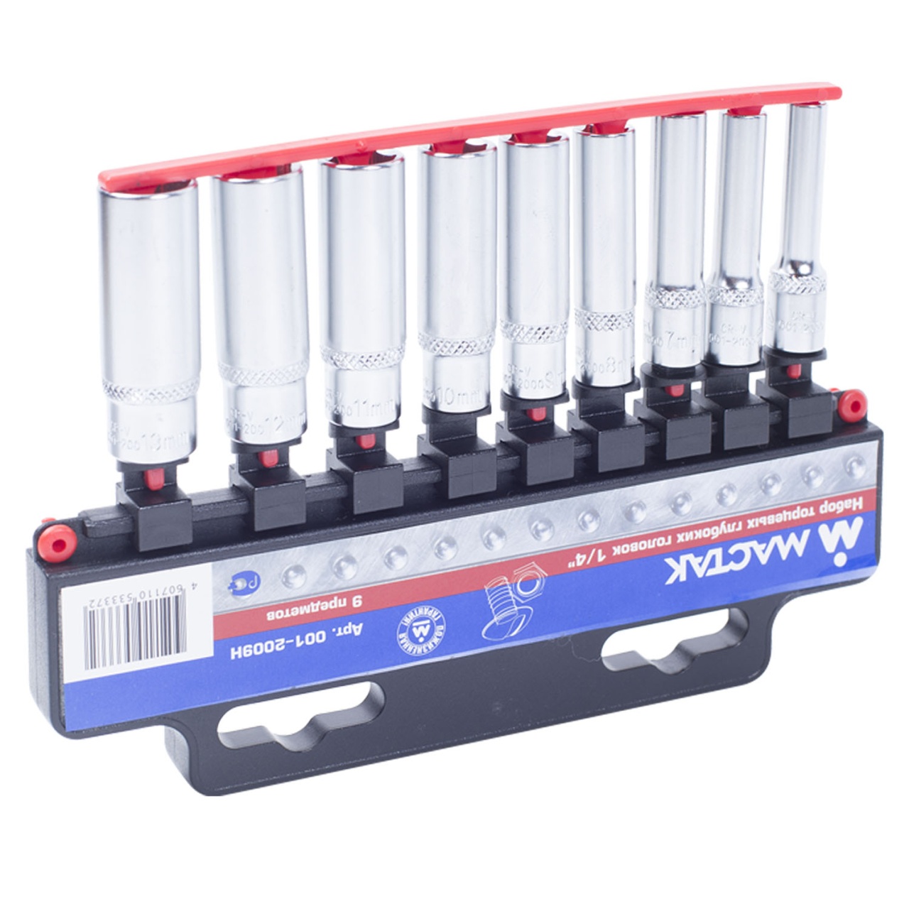 Набор торцевых глубоких головок 1/4'', 5-13 мм, 9 предметов МАСТАК 001-2009H
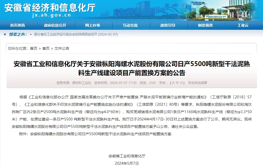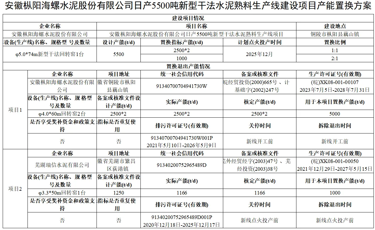 安徽省工信厅同期公布的还有海螺水泥一条5500t/d熟料生产线的产能置换方案公告。公告文件提到,根据相关文件要求,枞阳海螺水泥股份有限公司拟淘汰拆除厂区内2条日产2500吨水泥熟料生产线(窑径均为φ4.0*60米),购买芜湖瑞信水泥有限公司1条日产1166吨水泥熟料生产线(窑径为φ3.3*50米)产能,在原址建设一条日产5500 吨新型干法水泥熟料生产线。
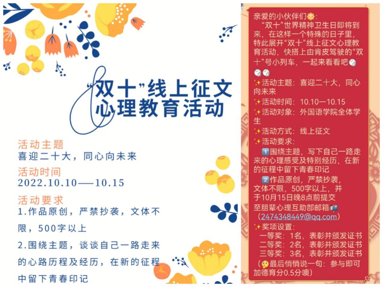 为提升大家对于心理健康的关注度及心理健康素养,推动形成良好校园氛围,外国语学院于2022年10月10日-15日特此开展以“喜迎二十大,同心向未来”为主题的“双十”线上征文活动。活动面向外国语学院全体学生,共收到征文81份。
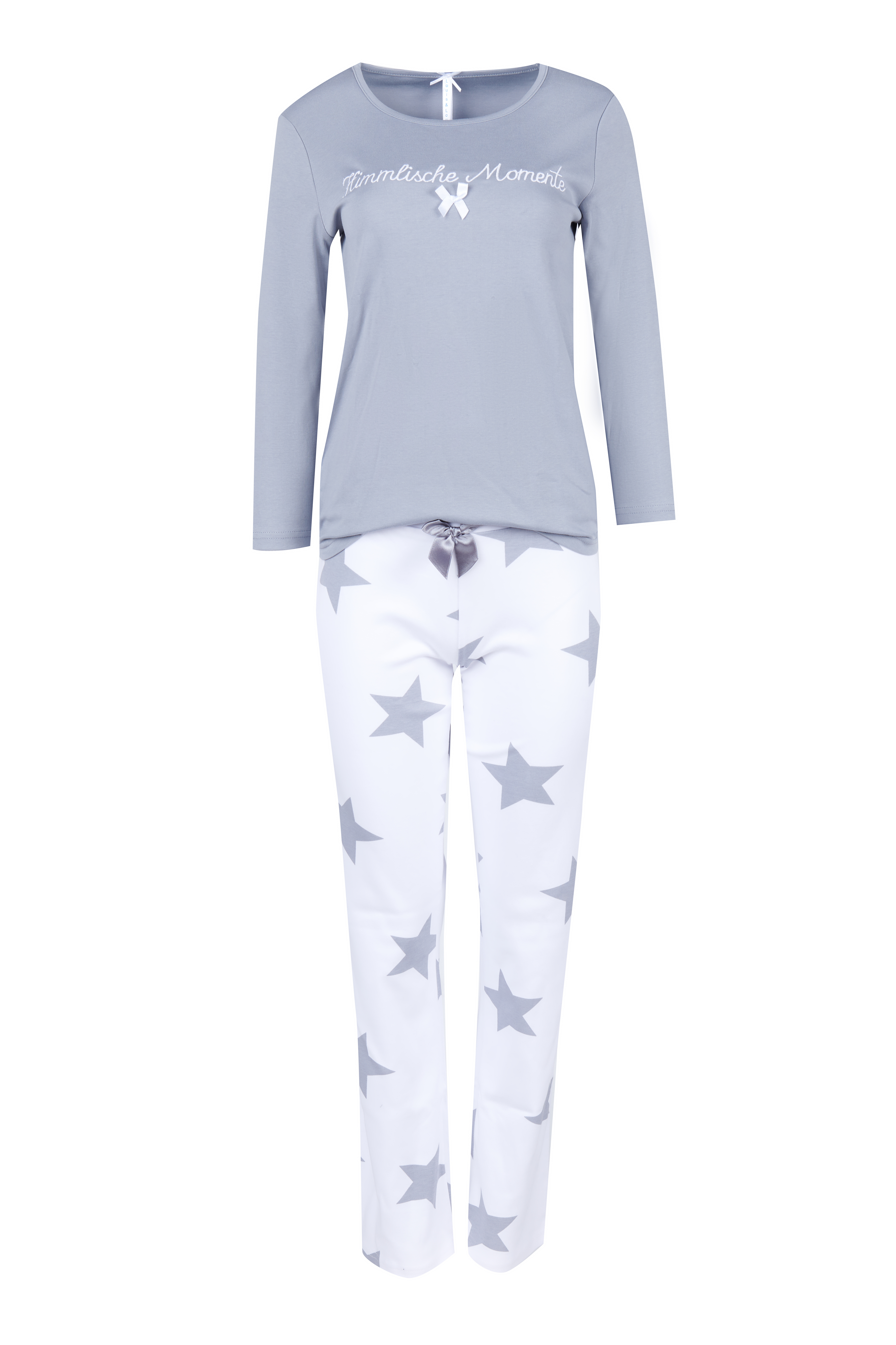Pyjama Kinder Basic "Himmlische Momente", grau / weiß allover
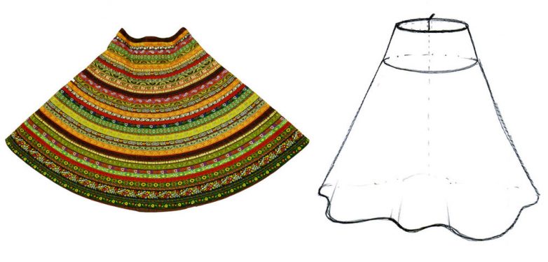 Сначала шьем основу — юбку-полусолнце из нетолстой ткани (лен или хлопок), на которую мы поэтапно будем нашивать тесьму. Юбку лучше сшить на кокетке, поскольку тесьма «держит форму» и расширение от талии будет создавать ненужный объем. (фото 1)
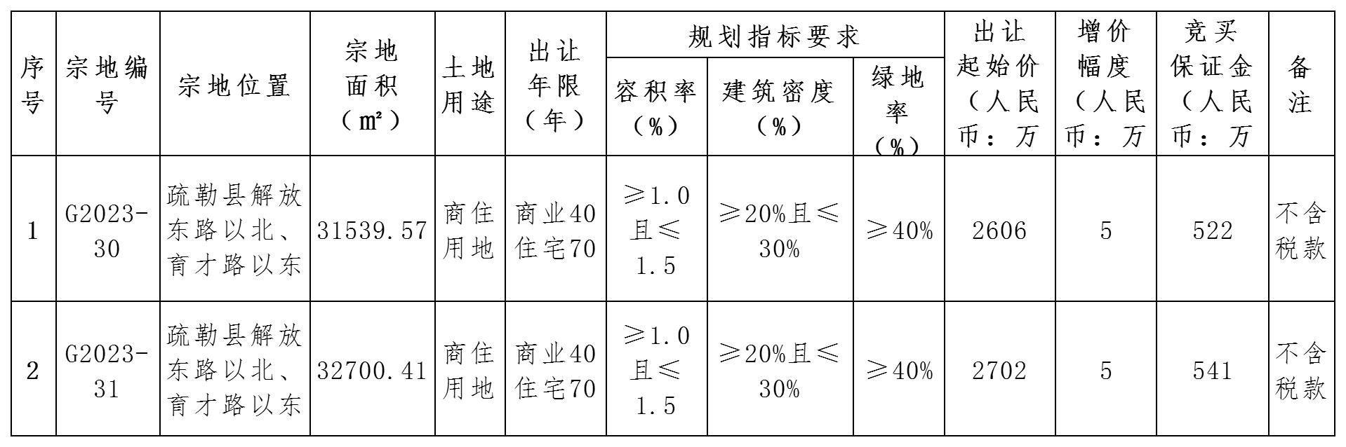 根據(jù)《中華人民共和國(guó)土地管理法》《招標(biāo)拍賣掛牌出讓國(guó)有建設(shè)用地使用權(quán)規(guī)定》(國(guó)土資源部令第39號(hào))《自治區(qū)深化公共資源交易平臺(tái)整合共享工作方案〉的通知》(新政辦函〔2019〕250號(hào))等有關(guān)法律法規(guī)及文件的規(guī)定,經(jīng)疏勒縣人民政府批準(zhǔn),疏勒縣自然資源局決定以掛牌方式出讓2(幅)地塊的國(guó)有建設(shè)用地使用權(quán)。并委托新疆國(guó)源土地礦產(chǎn)資源交易中心組織實(shí)施?,F(xiàn)將有關(guān)事項(xiàng)公告如下:
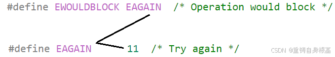 - 根据错误码errno进行区分,所以此时我们再来深入看一下EWOULDBLOCK这个宏,那么它的宏定义是一个宏EAGAIN,那么对于这个宏EAGAIN它的对应的值是11,意义是此时并没有出错,此时是资源未就绪,请再尝试一次,所以EWOULDBLOCK这个宏对应的值是恰好是11,意义和EAGAIN一致
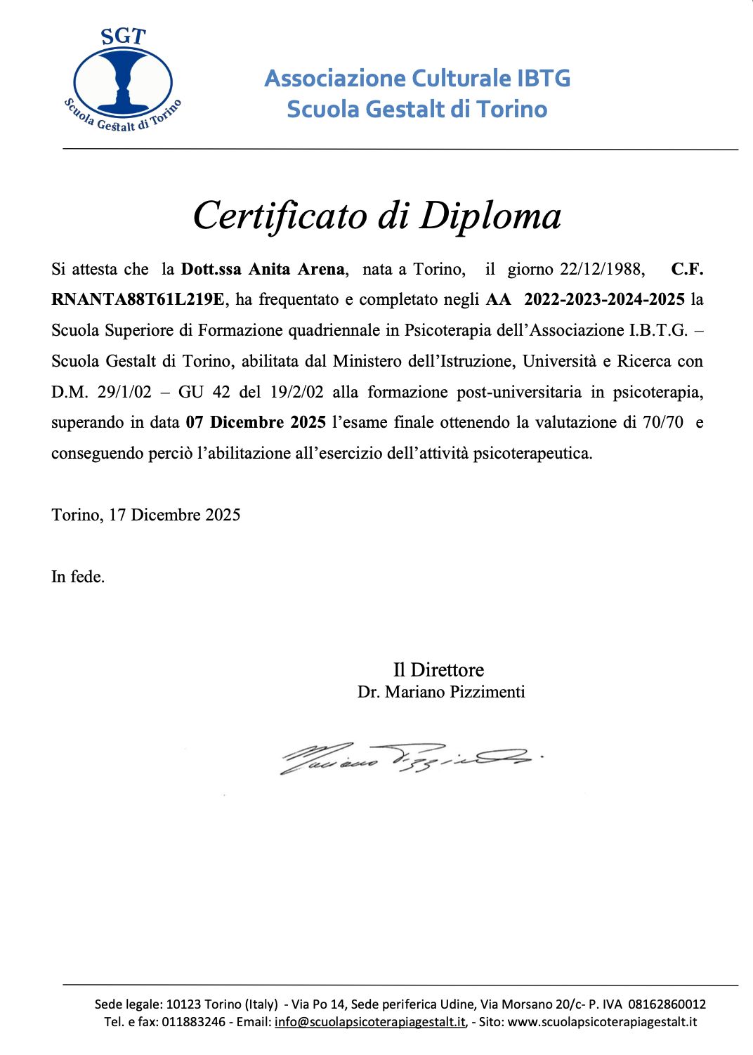 Grazie Fabio per le tue parole e per la fiducia. Sono contenta che il percorso che stiamo facendo ti stia aiutando ad esplorare il tuo sentire con serenità.
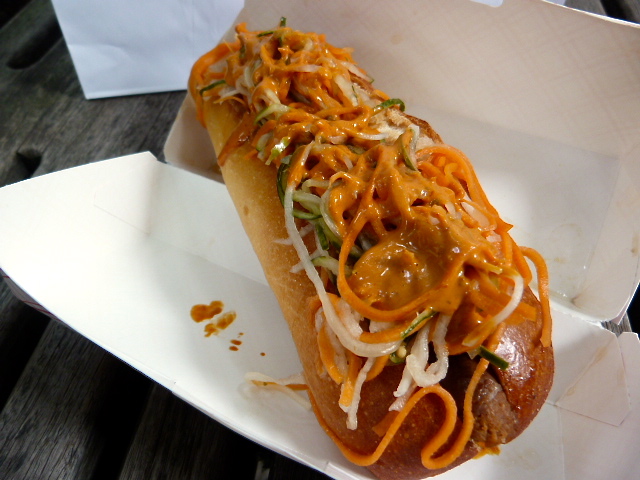 I was torn about what to order, so the workers helped me out by offering suggestions. When one said she liked the Moroccan sausage (merguez with harissa hot chili sauce, cucumber and curry ketchup) with the toppings of the banh mi dog (jumbo hot dog with pickled carrots, shredded cucumber, daikon, cilantro and jalapeño), I thought that sounded good and put in my order.
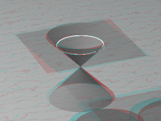 Examine the two graphic images to the right on this page. Click the top image repeatedly to cycle through the conic section images for a circle, ellipse, parabola and hyperbola. If you have a pair of anaglyphic eyeglasses (recommended), put them on and click the lower image in the same way for 3D views of the conic sections.
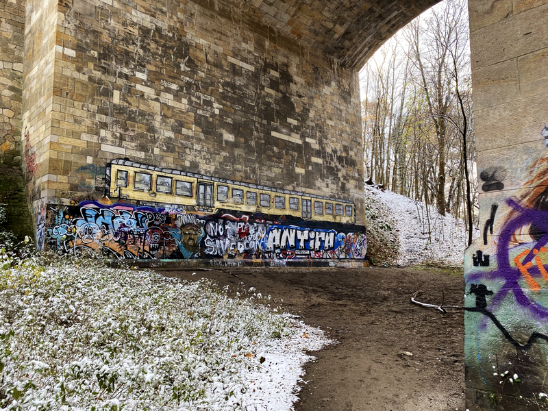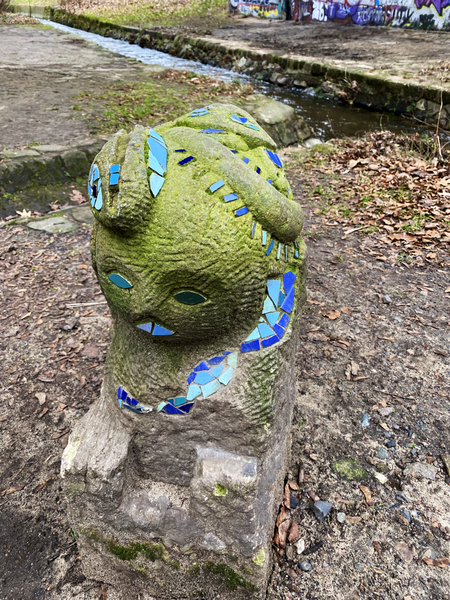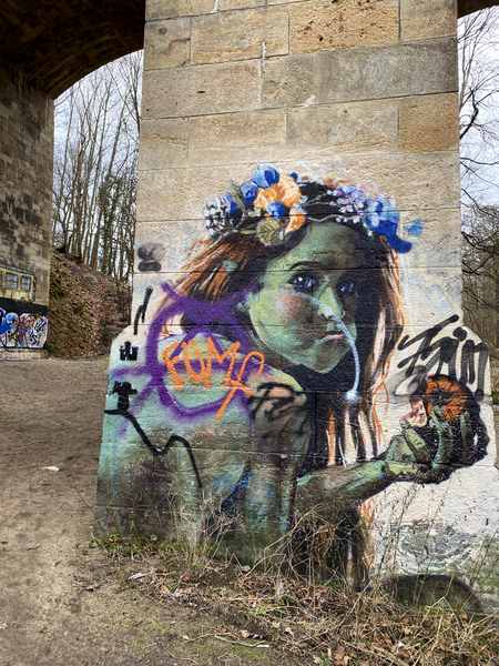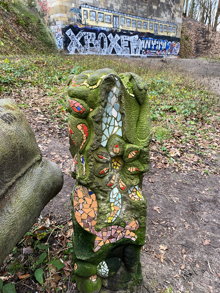 Street Art kann man an den verschiedensten Orten sehen. Die Begegnung bei einem Waldspaziergang ist allerdings für mich neu und ungewöhnlich. Geht man aber von der Neustadt aus durch den Prießnitzgrund, kann man aber genau das erleben. Entlang des kleinen Flüsschens Prießnitz muss früher auf der rechten Seite stadtauswärts ein Zaun gestanden haben. Den Zaun gibt es nicht mehr, aber die Zaunpfähle aus Sandstein sind stehen geblieben. An denen hat sich ein oder mehrere Street Art-Künstler versucht. Sie wurden bildhauerisch verändert und einige noch mit Glassteinen beklebt. Herausgekommen sind wirklich sehenswerte kleine Kunstwerke. Außerdem sind an den Pfeilern der Prießnitzbrücke noch zahlreiche Graffiti zu bestaunen. Also echte Street Art oder besser Forest Art :)).

What you will do: Between and including the line with "Pyjama Kinder Basic" and the line with "Examine the two", repeat every line exactly as it appears above, with pictures left out.

Task output:
Pyjama Kinder Basic "Himmlische Momente", grau / weiß allover
 Сначала шьем основу — юбку-полусолнце из нетолстой ткани (лен или хлопок), на которую мы поэтапно будем нашивать тесьму. Юбку лучше сшить на кокетке, поскольку тесьма «держит форму» и расширение от талии будет создавать ненужный объем. (фото 1)
 根據(jù)《中華人民共和國(guó)土地管理法》《招標(biāo)拍賣掛牌出讓國(guó)有建設(shè)用地使用權(quán)規(guī)定》(國(guó)土資源部令第39號(hào))《自治區(qū)深化公共資源交易平臺(tái)整合共享工作方案〉的通知》(新政辦函〔2019〕250號(hào))等有關(guān)法律法規(guī)及文件的規(guī)定,經(jīng)疏勒縣人民政府批準(zhǔn),疏勒縣自然資源局決定以掛牌方式出讓2(幅)地塊的國(guó)有建設(shè)用地使用權(quán)。并委托新疆國(guó)源土地礦產(chǎn)資源交易中心組織實(shí)施?,F(xiàn)將有關(guān)事項(xiàng)公告如下:
 - 根据错误码errno进行区分,所以此时我们再来深入看一下EWOULDBLOCK这个宏,那么它的宏定义是一个宏EAGAIN,那么对于这个宏EAGAIN它的对应的值是11,意义是此时并没有出错,此时是资源未就绪,请再尝试一次,所以EWOULDBLOCK这个宏对应的值是恰好是11,意义和EAGAIN一致
 Grazie Fabio per le tue parole e per la fiducia. Sono contenta che il percorso che stiamo facendo ti stia aiutando ad esplorare il tuo sentire con serenità.
 I was torn about what to order, so the workers helped me out by offering suggestions. When one said she liked the Moroccan sausage (merguez with harissa hot chili sauce, cucumber and curry ketchup) with the toppings of the banh mi dog (jumbo hot dog with pickled carrots, shredded cucumber, daikon, cilantro and jalapeño), I thought that sounded good and put in my order.
 Examine the two graphic images to the right on this page. Click the top image repeatedly to cycle through the conic section images for a circle, ellipse, parabola and hyperbola. If you have a pair of anaglyphic eyeglasses (recommended), put them on and click the lower image in the same way for 3D views of the conic sections.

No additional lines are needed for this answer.